Dia baru genap usia dua puluh ketika memutuskan pergi dengan sebuah cinta dan membangun mahligai rumah tangga. Cinta itu datang dari kumbang lain yang menawan dan menawarkan janji-janji untuk masa depan.
“Bukankah kita masih punya banyak cita-cita?” Kukerahkan segenap daya agar dia berubah pikiran. “Kau—kita masih cukup muda. Ada banyak cinta lain yang akan datang dalam perjalanan kita.”
“Memang ada banyak,” dia tersenyum tenang. “Namun cinta yang seperti ini hanya akan datang sekali saja. Dan, ini sudah cukup untukku. Aku tak menginginkan apapun lagi.”
Cinta yang bagaimana? Aku masih ingin bertanya. Pemahaman kami tentang romansa sejatinya masih prematur, namun keputusannya final sudah. Cinta telah buta terhadap segala logika. Beragam upayaku tak membuahkan apa-apa. Dia pergi. Lengkung bibirnya merekah. Tangannya melambai-lambai. Langkah demi langkahnya seakan bernyanyi-nyanyi menyongsong cinta yang dia agung-agungkan. Aku tertinggal di belakang dengan senyum tegar karena patah hati atas cinta yang tak pernah kuucap, atas ikatan hubungan yang tak punya ujung tersimpul.
Aku memilih menjadi kumbang yang hijrah ke kebun seberang, namun tak kunjung menyentuh bunga lain walau hanya sekali. Bertahun-tahun menjalani hidup sebagai mahasiswa strata dua di negeri orang, kini aku pulang. Cita-cita yang dulu kubentuk karenanya kini telah berada dalam genggamanku.

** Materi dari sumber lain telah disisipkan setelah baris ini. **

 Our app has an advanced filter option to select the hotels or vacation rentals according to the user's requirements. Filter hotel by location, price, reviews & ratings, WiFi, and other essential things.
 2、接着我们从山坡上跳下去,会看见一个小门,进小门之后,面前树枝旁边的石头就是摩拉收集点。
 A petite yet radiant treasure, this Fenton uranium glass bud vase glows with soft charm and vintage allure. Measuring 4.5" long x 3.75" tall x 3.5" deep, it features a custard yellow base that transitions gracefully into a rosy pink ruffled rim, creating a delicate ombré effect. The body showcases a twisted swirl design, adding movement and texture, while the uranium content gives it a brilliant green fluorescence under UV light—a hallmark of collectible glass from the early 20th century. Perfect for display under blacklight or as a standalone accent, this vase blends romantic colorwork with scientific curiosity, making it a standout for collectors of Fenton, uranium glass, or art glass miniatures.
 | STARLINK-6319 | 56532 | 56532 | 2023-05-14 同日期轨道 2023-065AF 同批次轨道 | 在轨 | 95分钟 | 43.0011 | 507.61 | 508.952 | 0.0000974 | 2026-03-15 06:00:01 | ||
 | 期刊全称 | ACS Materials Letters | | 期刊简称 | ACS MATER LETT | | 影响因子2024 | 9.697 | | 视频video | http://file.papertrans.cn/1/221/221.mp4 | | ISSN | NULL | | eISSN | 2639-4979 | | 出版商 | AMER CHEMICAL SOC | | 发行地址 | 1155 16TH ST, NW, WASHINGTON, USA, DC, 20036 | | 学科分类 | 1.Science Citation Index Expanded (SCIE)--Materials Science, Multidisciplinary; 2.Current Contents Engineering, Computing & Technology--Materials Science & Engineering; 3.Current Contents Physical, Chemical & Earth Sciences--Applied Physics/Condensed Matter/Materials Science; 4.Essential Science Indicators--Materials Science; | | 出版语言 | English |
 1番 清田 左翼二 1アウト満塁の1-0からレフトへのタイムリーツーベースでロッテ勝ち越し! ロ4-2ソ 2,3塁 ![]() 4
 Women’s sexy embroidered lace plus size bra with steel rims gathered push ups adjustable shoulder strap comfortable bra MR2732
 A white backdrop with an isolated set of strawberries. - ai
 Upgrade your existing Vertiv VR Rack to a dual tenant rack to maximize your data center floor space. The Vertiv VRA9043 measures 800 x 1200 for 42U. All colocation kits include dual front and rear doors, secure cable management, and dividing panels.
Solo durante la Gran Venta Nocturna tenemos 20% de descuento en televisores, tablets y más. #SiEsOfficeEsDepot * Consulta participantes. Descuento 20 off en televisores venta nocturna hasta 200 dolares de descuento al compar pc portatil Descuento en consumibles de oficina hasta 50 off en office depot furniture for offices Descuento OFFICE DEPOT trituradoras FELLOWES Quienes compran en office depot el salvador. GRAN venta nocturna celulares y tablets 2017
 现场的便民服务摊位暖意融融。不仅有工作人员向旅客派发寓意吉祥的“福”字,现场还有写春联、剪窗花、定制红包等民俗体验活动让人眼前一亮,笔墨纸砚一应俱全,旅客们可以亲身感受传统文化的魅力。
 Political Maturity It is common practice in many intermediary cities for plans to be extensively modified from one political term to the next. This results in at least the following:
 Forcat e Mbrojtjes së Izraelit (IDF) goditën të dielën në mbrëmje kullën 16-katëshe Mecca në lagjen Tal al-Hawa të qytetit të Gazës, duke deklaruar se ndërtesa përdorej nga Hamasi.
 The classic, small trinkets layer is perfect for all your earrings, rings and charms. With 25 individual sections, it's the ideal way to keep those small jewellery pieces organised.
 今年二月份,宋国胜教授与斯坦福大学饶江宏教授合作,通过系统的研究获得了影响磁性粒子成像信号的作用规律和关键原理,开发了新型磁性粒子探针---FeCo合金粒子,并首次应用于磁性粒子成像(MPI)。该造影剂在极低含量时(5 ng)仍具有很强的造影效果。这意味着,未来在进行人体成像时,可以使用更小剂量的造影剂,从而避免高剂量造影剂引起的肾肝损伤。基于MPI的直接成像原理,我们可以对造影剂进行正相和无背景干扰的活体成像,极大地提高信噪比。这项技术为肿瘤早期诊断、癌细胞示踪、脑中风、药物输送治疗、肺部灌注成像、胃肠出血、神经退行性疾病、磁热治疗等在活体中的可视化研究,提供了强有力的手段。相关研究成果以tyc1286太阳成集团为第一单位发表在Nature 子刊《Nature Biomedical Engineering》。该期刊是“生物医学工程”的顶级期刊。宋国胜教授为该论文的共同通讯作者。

Kudapati bungaku yang dulu kini telah berubah. Kumbang yang dia puja dan percayai itu telah menyedot habis madunya, lalu meninggalkannya sendiri. Melati dan anak-anaknya kini serupa serumpun bunga di kebun yang terabaikan: rentan terhadap hujan, sengat matahari, sesak dikerumuni gulma-gulma. Anak-anaknya seumpama tunas muda yang rikuh. Dan, Melati sendiri masih begitu canggung menghadapi dunia dengan kaki yang rapuh.
Masih dapat kutangkap setitik keindahan dan keelokan yang pernah jadi miliknya, walau kini semua itu tak lagi utuh. Dirinya yang dulu sudah hilang bahkan lebih dari separuh. Cinta itu dulu datang menjemputnya dengan berlari-lari, kini telah mematahkannya dengan kecepatan derap yang sama. Bukankah segala yang abadi haruslah teruji oleh waktu? Barangkali aku terdengar terlalu percaya diri, namun sungguh kukatakan bahwa perasaanku padanya adalah sesuatu yang telah teruji. Namun, dia tak pernah menoleh pada hatiku untuk menengok apa yang ada di dalamnya.
Aku terkesiap di tempatku berdiri. Dia tiba-tiba menoleh ke kanan kiri, seakan sadar ada sebuah hati yang tengah mengenangnya. Seolah tahu seseorang sedang memperhatikannya. Aku segera menghindar dan menyembunyikan diri di tengah keramaian, tak ingin ia menyadari keberadaanku.
            Kuhela  nafas panjang. Aku juga telah membuat sebuah pilihan. Hatiku berbisik kalau dia harus berlalu, pergi dan berlalulah. Biar aku tetap di sini, memandangnya dari jauh. Tetap sebagai kumbang pengagum. Melati, tetaplah mekarkan senyummu meski alur cerita yang kau jalani terasa sulit. Jangan jatuh layu, sebab kau indah sebagaimana kau adanya.
Kini kakiku telah enggan mengejarnya. Bukan karena dia tak cukup menarik lagi. Aku hanya berpikir bahwa ketegaranku selama ini layak dihadiahi sesuatu yang lebih baik dan pantas. Cukuplah dia kukenang sebagai perempuan yang diam-diam pernah kusematkan di hati.